3
Крик
стоял на дворе.
Пять
голосов кричали по-персиянски:
– Нет.
Нет. Нам не нужно никаких денег, мы принесли эту козу от велиагда, и пусть
Вазир-Мухтар ест ее с удовольствием.
Было
всего семь часов. Грибоедов прислушался.
Жирный
голос Рустам-бека покрывал персиянские крики:
– Я
довольно вам дал, и совершенно довольно. Рустам-бек приходился дальним
родственником княгине Саломе и поэтому заведовал хозяйственной частью.

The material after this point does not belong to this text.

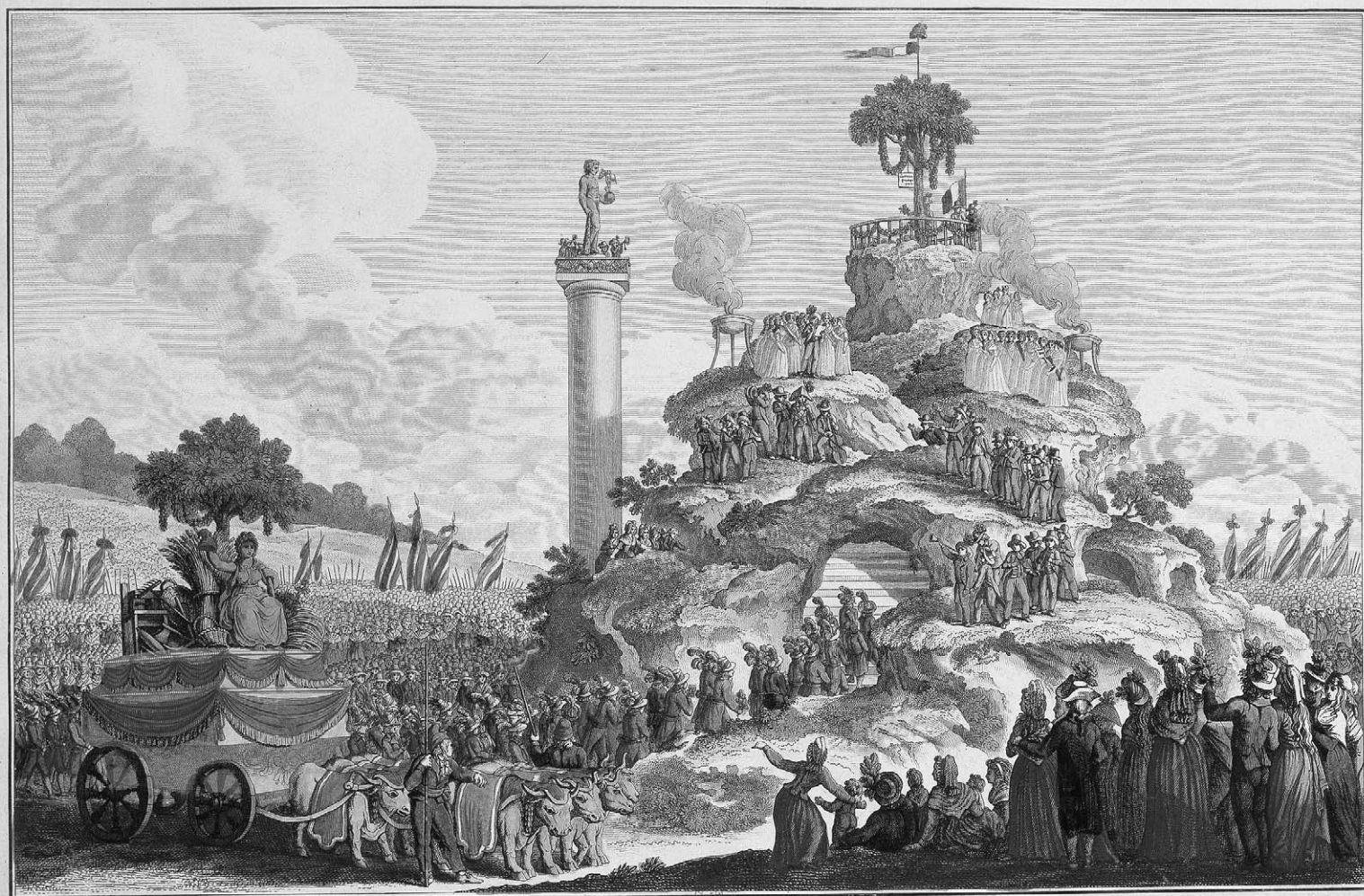
VUE DE LA MONTAGNE ÉLEVÉE AU CHAMP DE LA RÉUNION

pour la fête qui y a été célébrée en l'honneur de l'Être Suprême le Decadi 20 Prairial de l'an 2 me de la République Française.

Грибоедов невольно взглянул на спящую Нину, как бы ожидая от нее ответа.
Повторялось
это, к сожалению, часто. Каждый день от Аббаса приносили то плоды из его сада в
тяжелых корзинах, то козу, «собственноручно убитую его высочеством», то конфеты
на серебряном блюде.
Гулям-пишхедметы,
как и подобает камер-юнкерам, стояли скромно, ожидали приличной мзды за труды и
удивились бы, вероятно, если бы узнали, что Вазир-Мухтар называет это: давать
на водку.
Бог,
если уж не поминать княгини Саломе, послал Грибоедову двух людей, с которыми он
не знал, что делать: Рустам-бека и Дадаш-бека.
Рустам-бека,
с лихими курчавыми усиками, он назначил поэтому заведовать хозяйством, а
Дадаш-бек так и болтался без дела.
Грибоедов
звал их Аяксами.
Денег
было действительно мало до ужаса. Финик до сих пор не распорядился высылкой. Но
Аяксы вели себя в этих случаях, как привыкли вести себя в Тифлисе с
татарами-продавцами.
– Берите
свою козу и убирайтесь на все четыре стороны, – ревел на дворе Рустам-бек.
– Это
коза? Это кошка, – помогал ему Дадаш-бек.
– Нет.
Нет. Нет. Не нужно нам денег. Ешьте на здоровье, – горланили
гулям-пишхедметы и не трогались с места.
Грибоедов
накинул халат и шмыгнул в кабинет. Там он сел в кресло и только уже потом
медленно и лениво подошел к окну и окликнул Аяксов.
– Давайте
каждый раз столько, сколько я приказал.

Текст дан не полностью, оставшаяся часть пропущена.